Researchers believe icequakes rumble on Saturn's moon Enceladus

One of the more interesting moons orbiting a planet in our solar system circles the giant planet Saturn and is called Enceladus. Researchers believe that tidal stresses on the moon could be causing constant icequakes on the moon. Enceladus is of particular interest to astronomers and researchers because it's one of several places in the solar system that extraterrestrial life might exist.

Improving the understanding of seismic activity on the moon could help reveal what's underneath the icy crust while providing clues about any potential habitability of its subsurface ocean. Enceladus is the sixth-largest moon orbiting Saturn and is about 500 kilometers in diameter. Its surface is almost entirely covered in ice, and since it's about ten times further from the sun than Earth, so it's very cold.

Speculation has suggested for a long time that underneath the icy crust could be a massive liquid ocean. The moon is theorized to experience significant tidal forces caused by Saturn and the other larger moons orbiting the planet. The moon orbiting Earth is responsible for tides in the ocean.

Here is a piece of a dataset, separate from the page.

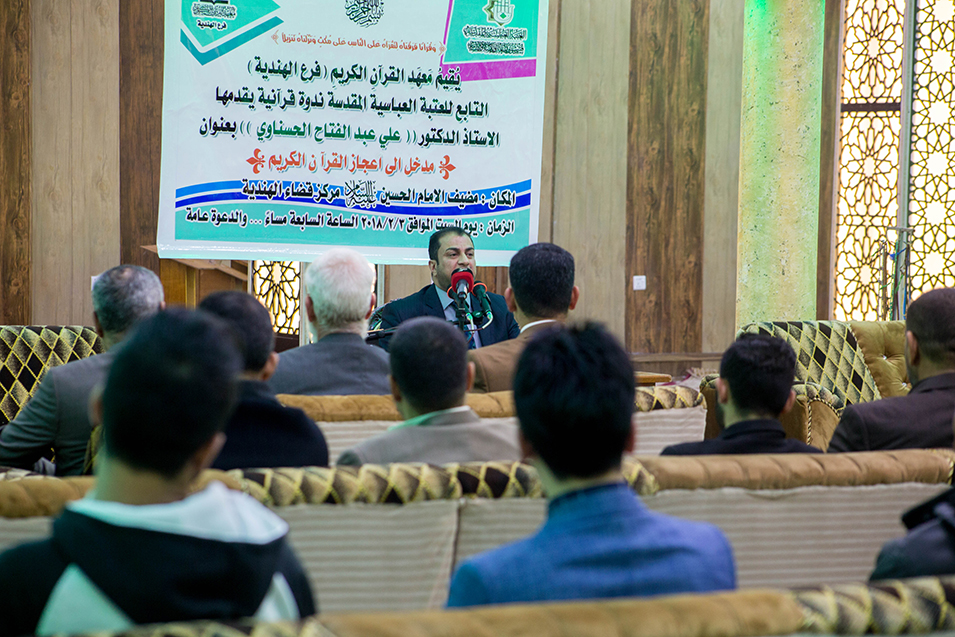 أقام معهد القرآن الكريم/ فرع الهندية التابع للعتبة العباسية المقدسة ندوة قُرآنيّة تحت عنوان (مدخل إلى إعجاز القرآن الكريم) يوم السبت الموافق 3/2/2018م، في مضيف الإمام الحسين (عليه السلام) في قضاء الهندية، حاضر فيها الأستاذ الدكتور (علي عبد الفتاح الحسناوي) حيث كانت الندوة مفعمة بالمعلومات القيمة من التعريف بالقرآن الكريم وأهميته البالغة وأبرز مميزاته لكي يكون للمؤمنين دليلاً يستفيدون منه في معرفة طريق النجاة من الضلال ويكون لهم مشعلا هاديًا على طريق الثقلين وقد تمحورت الندوة في صلب هذا الموضوع الشيق، وكانت هناك مداخلات قيمة وأسئلة من الحضور أجاب الدكتور الحسناوي عليها جميعا. يذكر أن معهد القرآن الكريم يُقيم العديد من الندوات والدورات القرآنية والعلمية من أجل نشر الثقافة القرآنية بين أوساط المجتمع فضلا عن المشاريع القرآنية الرائدة التي رفد بها الساحة.

According to the theory, the massive tidal forces on Enceladus would warm the moon's interior and crack the surface. Sometimes tall geysers of water vapor spray through the cracks, which are called tiger stripe fractures. Researchers on the study used observations taken from the Antarctic ice shelves to theorize that tides on Enceladus might cause small quakes in the ice at the moons fracture zones like icequakes observed on the floating ice sheets of Antarctica.

Researchers say they have ideas on how thick the ice could be on Saturn's moon but have no direct observations. They believe that studying icequakes is one way to learn more about ice thickness. The study pointed out that the icequakes aren't massive even at their peak period of stress. They are said to be almost continuous pops and fractures.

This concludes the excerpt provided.